### YOUR TASK
Write out only the lines from the line containing "左为一头杜洛克猪,右为它的近" to the end of the listing below, both included, exactly as they stand. Drop the pictures.

### DATA BELOW

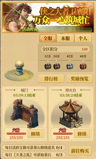 活动入口:点击活动界面-守卫襄阳或游戏右上角的守卫襄阳宣传图均可进入到活动界面;
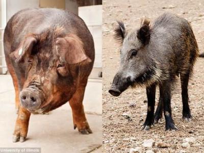 左为一头杜洛克猪,右为它的近亲野猪,与它的祖先类似。根据一项新的基因研究发现...
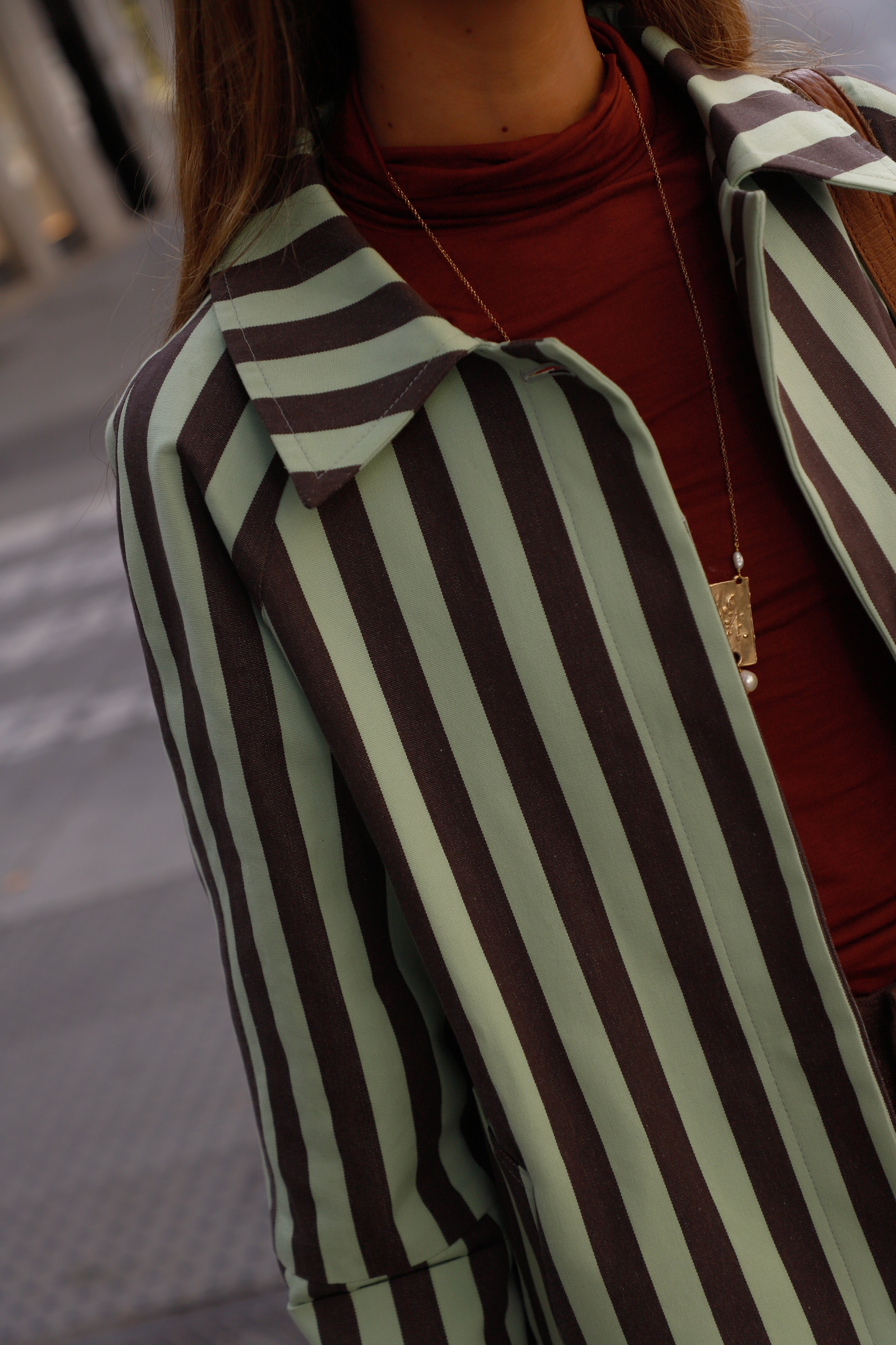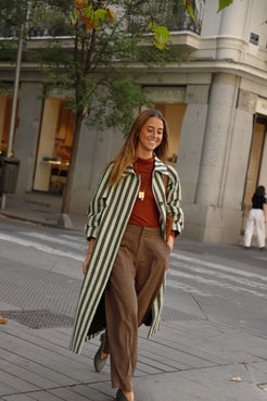Gabardina a rayas verde y marrón. Confeccionada en un tejido 100% algodón. Cierre frontal con botones ocultos y dos b...

### RESPONSE
 左为一头杜洛克猪,右为它的近亲野猪,与它的祖先类似。根据一项新的基因研究发现...
Gabardina a rayas verde y marrón. Confeccionada en un tejido 100% algodón. Cierre frontal con botones ocultos y dos b...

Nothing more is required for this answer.